Work instruction: Any pictures in the records below must be left out when you repeat the lines from the line containing "Padrísima backpack loungefly" through the line containing "Paralelo estándar /" exactly.
**** Extracted material
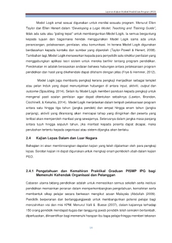 outcome (Spaulding, 2014). Selain itu Model Logik memberi panduan kepada pengkaji untuk
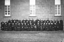 Clergy of the Diocese of Chatham in Caraquet in 1930 with bishop Patrice Alexandre Chiasson in the center
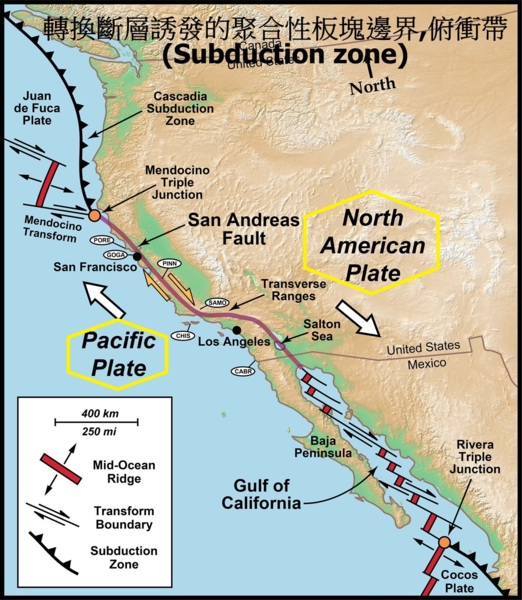 轉換斷層型(TRANSFORM PLATE BOUNDARY或平移型)
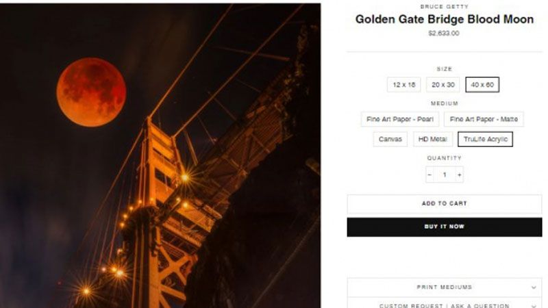 Getty ha explicado a los medios locales que hizo la foto en 2016 y se fue a casa, donde la retocó con la herramienta de edición Photoshop para añadirle la luna de sangre de 2014. Una vez retocada la imagen, el fotógrafo la colgó en su página web, donde los funcionarios del Golden Gate se percataron de la imagen y le enviaron una carta advirtiéndole de su infracción.
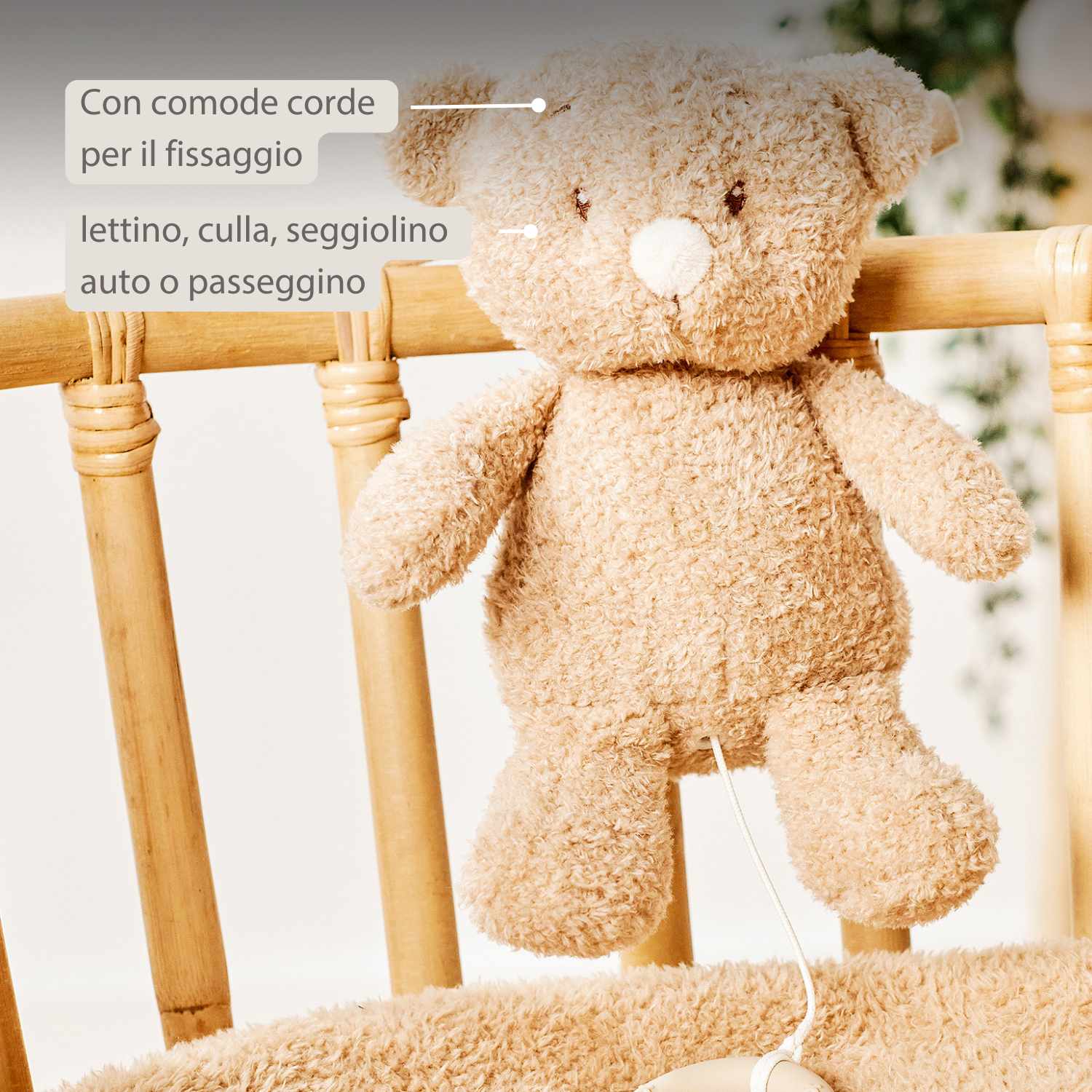 Il peluche musicale a forma di orso Nattou combina morbidezza, protezione e conforto. Con il musetto dolce e la forma coccolosa diventa presto l’amico preferito del tuo bambino. Tirando l’anello in silicone, la musica integrata suona la melodia calmante “La-Le-Lu”, perfetta per aiutare il bambino a rilassarsi o addormentarsi. I pratici cordini permettono di fissarlo facilmente a lettino, culla, box, seggiolino o passeggino. Un accessorio adorabile e un regalo perfetto.
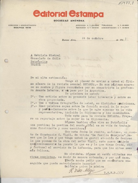 [Carta] 1943 oct. 24, Buenos Aires, [Argentina] [a] Gabriela Mistral, Consulado de Chile, Petrópolis, Brasil [manuscrito] R. Díaz-Alejo.
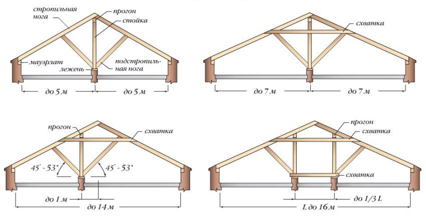 Выбирается тот или иной тип стропильной системы не спонтанно, а в зависимости от конструкции строящегося дома и его размеров. Далее о каждом виде стропильных систем.
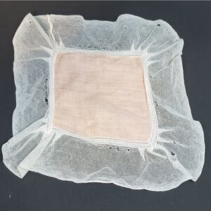 Vintage pink handkerchief with white mesh trim. Size: 9" x 9" Damaged as shown in pictures.
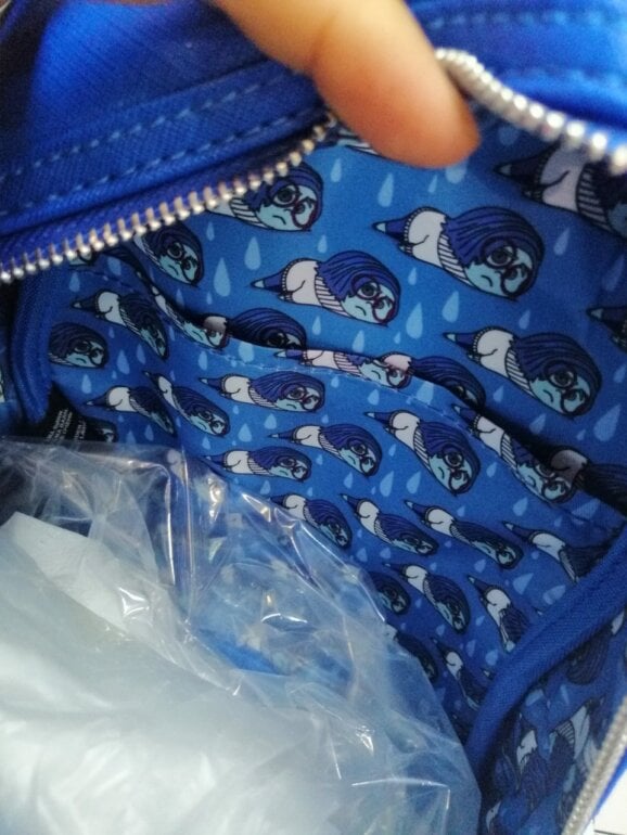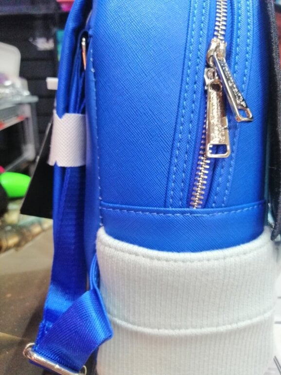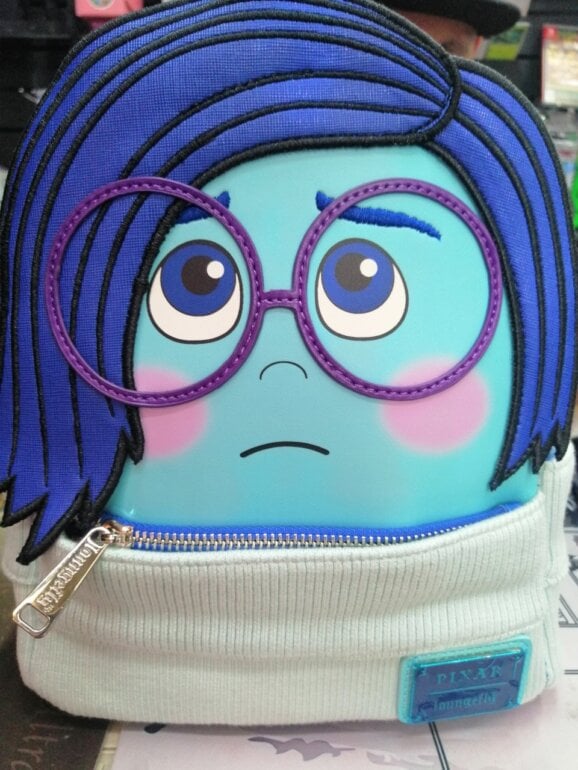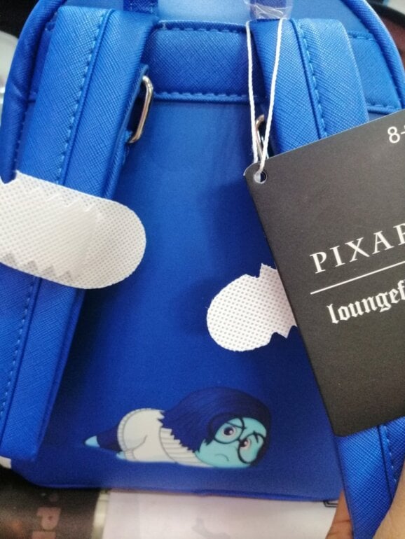 Padrísima backpack loungefly de intensamente en colores azul marino y azul claro con diferentes texturas, trae plaquita de la marca y con grabados en los cierres de la marca, trae estampado interno muy lindo, de igual manera tiene efectos y bordados en 3d como son típicos de la marca.
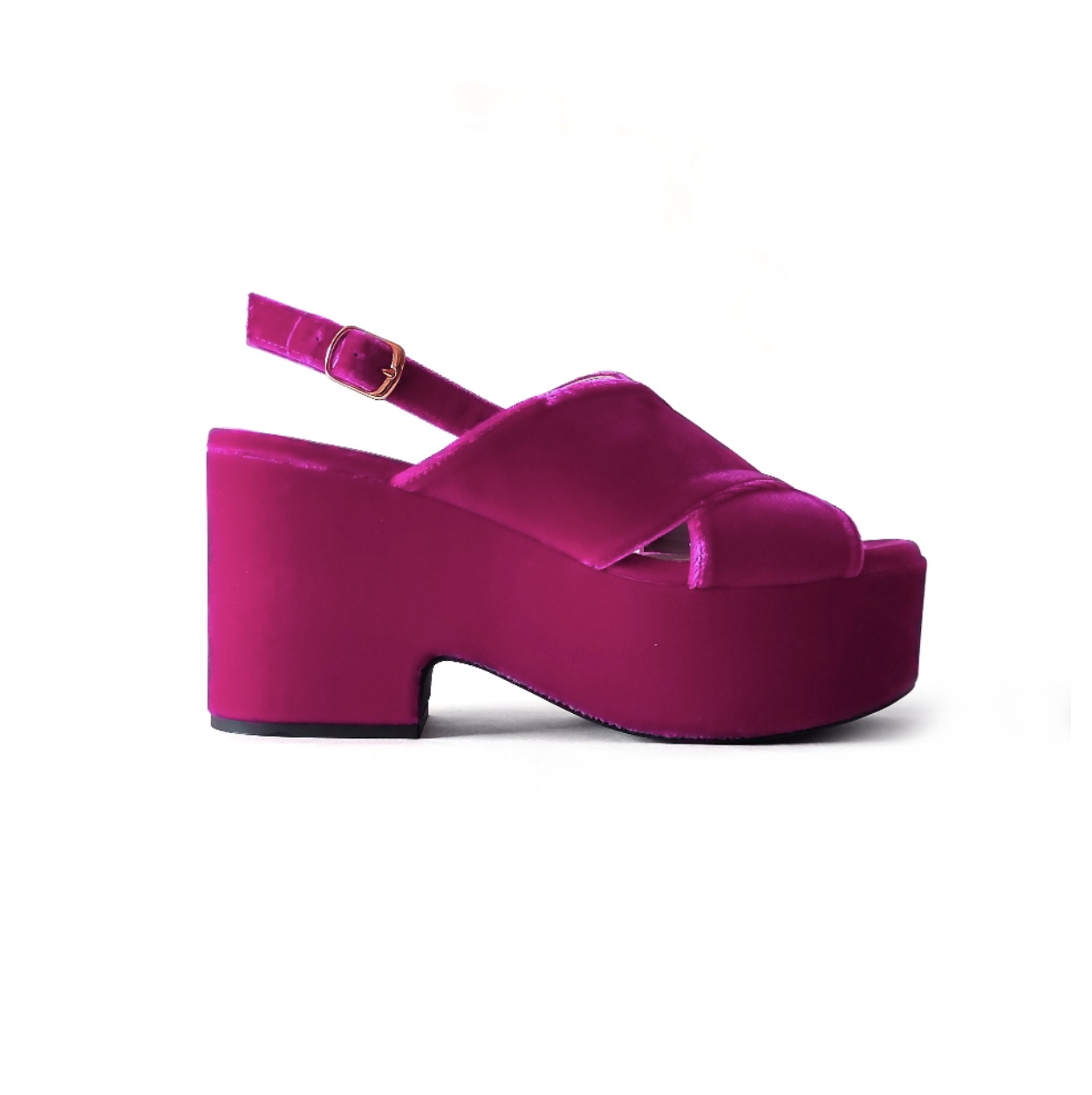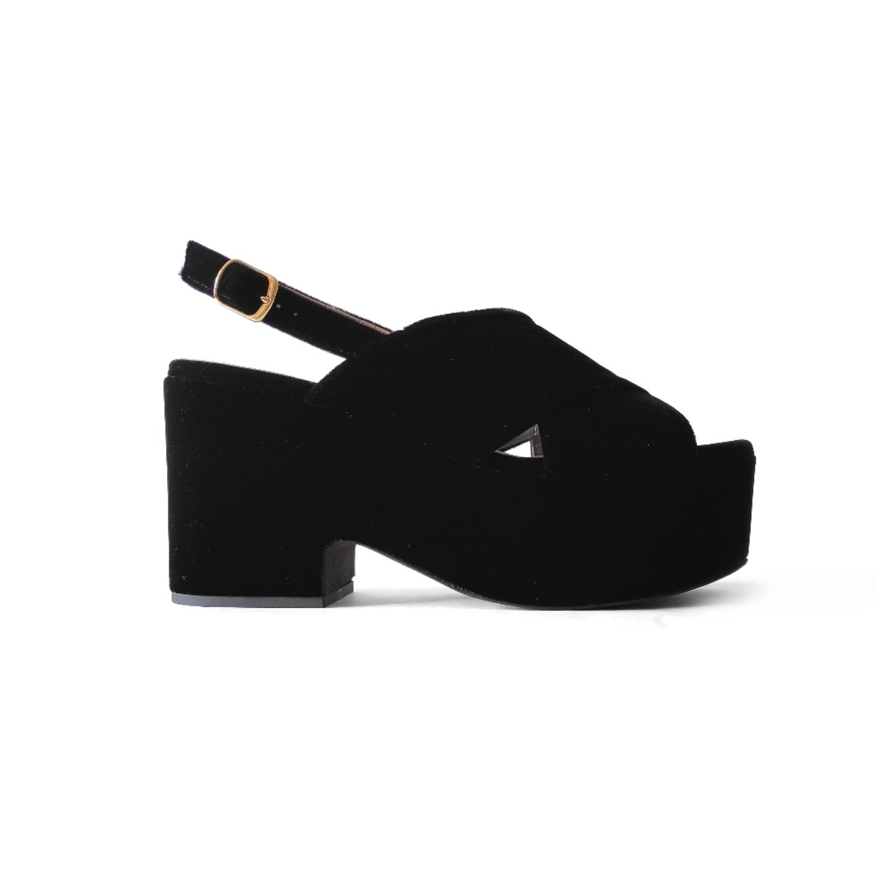 Sandalo con tacco alto 14 cm e plateau in velluto nero.
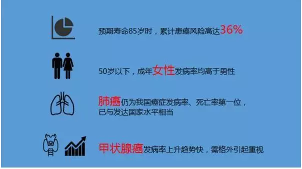 大多數人在40歲之後癌症發病率快速提升,80歲達到高峰;肺癌為發病率、死亡率雙率第一;甲狀腺癌快速上升;死亡率排前的癌症主要是肺癌和消化係統癌症。
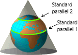Paralelo estándar / Latitud de escala verdadera es la línea de latitud en una proyección cónica o cilíndrica en aspecto normal donde la superficie de proyección toca el globo. Una proyección cónica tangente o cilíndrica tiene un paralelo estándar, mientras que una proyección cónica o cilíndrica secante tiene dos. En el paralelo estándar, la proyección no muestra distorsión. En la Figura 4.18 se visualiza una proyección cónica con dos paralelos estándar.
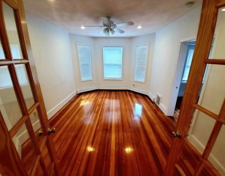 Available March 1st! Sunny and Spacious 3 Bed / 1 Bath apartment in the Orient Heights neighborhood of East Boston. This second floor, 1200+ sqft unit features hardwood floors throughout, private laundry in unit, a large eat-in kitchen with sunroom, separate living room, large primary bedroom with walk in closet and private porch, two additional equal sized bedrooms, tiled bathroom. Location is across the street from Constitution Beach, 0.4 Mile, (6-8 min) short walk to Orient Heights T (4th blue line stop), restaurants, convenient stores, highway access to 1A, North Shore and Winthrop close by. Cats ok, no dogs.
********
Response box:
 Padrísima backpack loungefly de intensamente en colores azul marino y azul claro con diferentes texturas, trae plaquita de la marca y con grabados en los cierres de la marca, trae estampado interno muy lindo, de igual manera tiene efectos y bordados en 3d como son típicos de la marca.
 Sandalo con tacco alto 14 cm e plateau in velluto nero.
 大多數人在40歲之後癌症發病率快速提升,80歲達到高峰;肺癌為發病率、死亡率雙率第一;甲狀腺癌快速上升;死亡率排前的癌症主要是肺癌和消化係統癌症。
Paralelo estándar / Latitud de escala verdadera es la línea de latitud en una proyección cónica o cilíndrica en aspecto normal donde la superficie de proyección toca el globo. Una proyección cónica tangente o cilíndrica tiene un paralelo estándar, mientras que una proyección cónica o cilíndrica secante tiene dos. En el paralelo estándar, la proyección no muestra distorsión. En la Figura 4.18 se visualiza una proyección cónica con dos paralelos estándar.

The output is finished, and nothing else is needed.